The “Google Brain” experiment where a large neural network learned to recognize cats and other objects just by looking at photos from YouTube is often held up as a key proof of the power of deep learning (see “Self-Taught Software”). What makes that project so important?
The thing that’s neat about the Google result is that no one has to tell it what an object is. We have so much evidence from neuroscience that this is a crucial way to learn about how the world works. But it’s also an engineering imperative. I cannot program enough rules into the computer for it to understand the world; now we can try to have them learn the rules themselves.
Google’s system fell short of human performance, at best detecting human faces only 81 percent of the time. The more established approach of “supervised” learning, where software is given hand-labeled data to learn from, can do better. Do we know how to get unsupervised, or self-taught, systems to improve?
How to make it pay off at the level we want—[achieving] human level performance—is very challenging.
If you give me a lot of examples of what you want to predict then I can train software to get that right. The challenge is how to succeed when you don’t have a lot of examples. Human beings do not have to see a million cats to understand what one is. We might use a combination of supervised and unsupervised learning. Understanding how to blend those two ideas together is going to be crucial.
At Stanford—inspired by the Google Brain experiment—you developed an even larger neural network. Will bigger “brains” automatically be smarter?
For the scale of the challenge we’re looking at—human level performance—it’s very clear that for a small neural network there’s no hope. State-of-the-art ones have hundreds of millions of connections. You can do a lot with that; recognize a lot of objects, for example.

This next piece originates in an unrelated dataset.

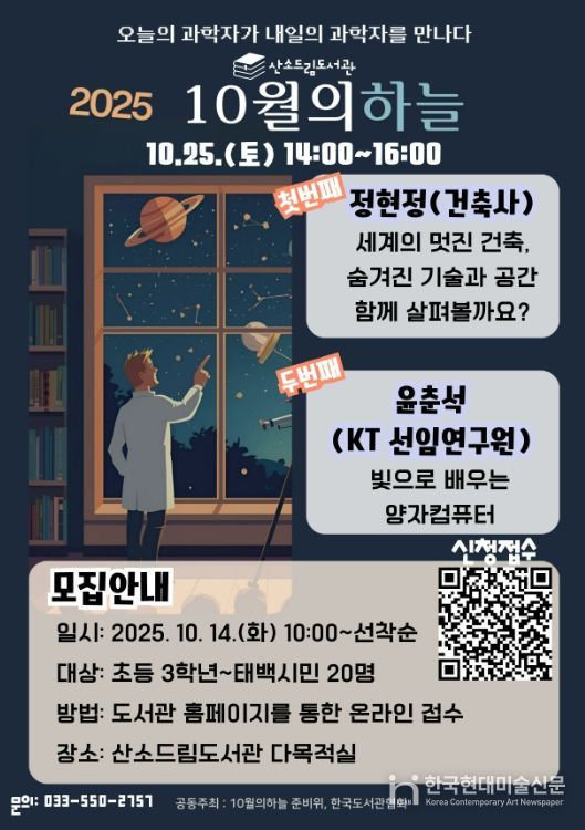 한국현대미술신문 원진 기자 | 태백시는 산소드림도서관이 한국도서관협회와 ‘10월의 하늘’ 준비위원회가 공동 주최하는 재능기부 도서관 과학강연 '10월의 하늘' 공모사업에 선정됐다고 밝혔다.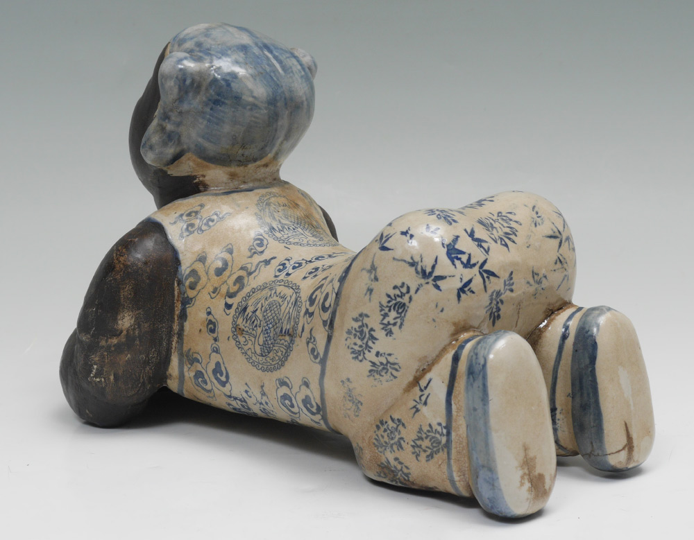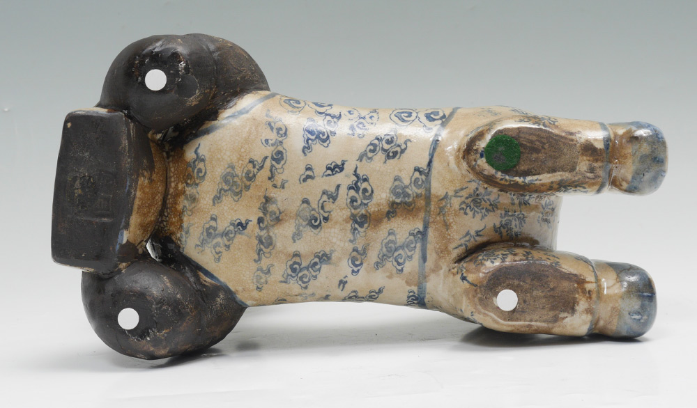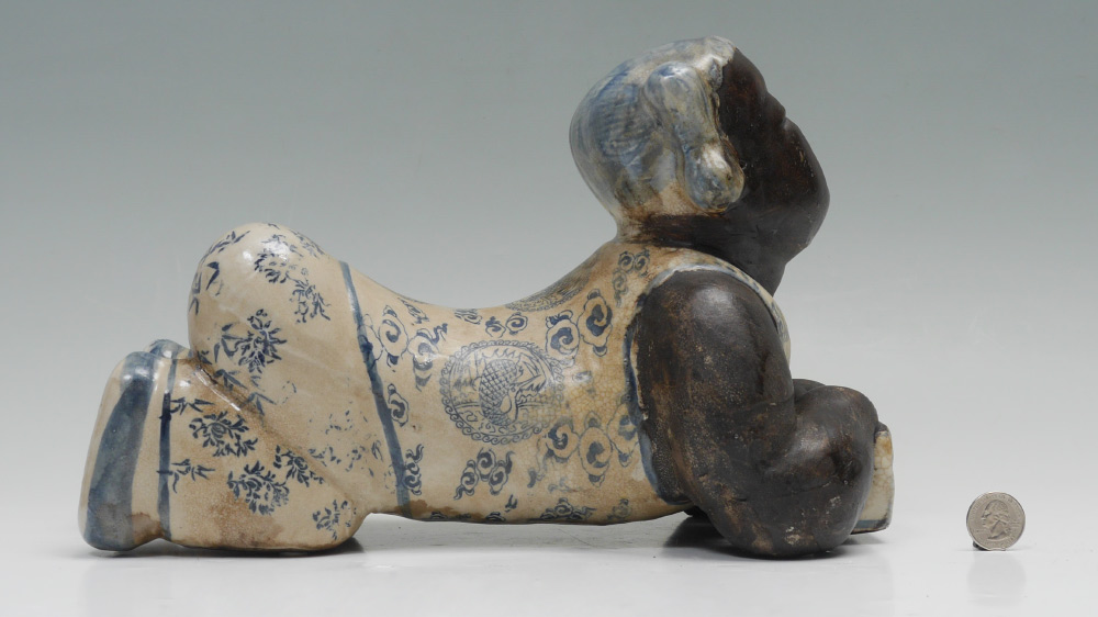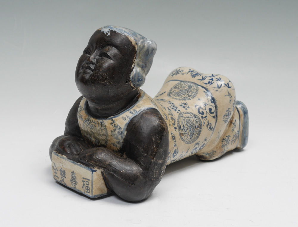 CHINESE FIGURAL BOY HEAD REST / PILLOW: Earthenware figure of a kneeling boy, typically used as a nick rest or pillow. Blue decorated outfit and hair, brown glaze face and arms. Spurious seal under arms. Overall measures 8 1/2'' h. x 7 1/2'' x 13''.

[But] it does not seem to be as simple as just making the neural network much bigger. The Google Brain result was built on a huge distributed system with a lot of CPU cores [16,000]. We found that if you put a lot of GPUs [specialized graphics processors] together we could make a much bigger neural network—10 billion nodes, with 16 machines instead of 1,000.
We used that same benchmark [images from YouTube videos] that the Google team did. But even though we could train a much larger neural net, we didn’t necessarily get a better cat detector. Right now we can run neural networks that are larger than we know what to do with.
[At the Baidu lab] we want to build a framework to run big enough experiments to test out all variations in algorithms that might universally improve performance.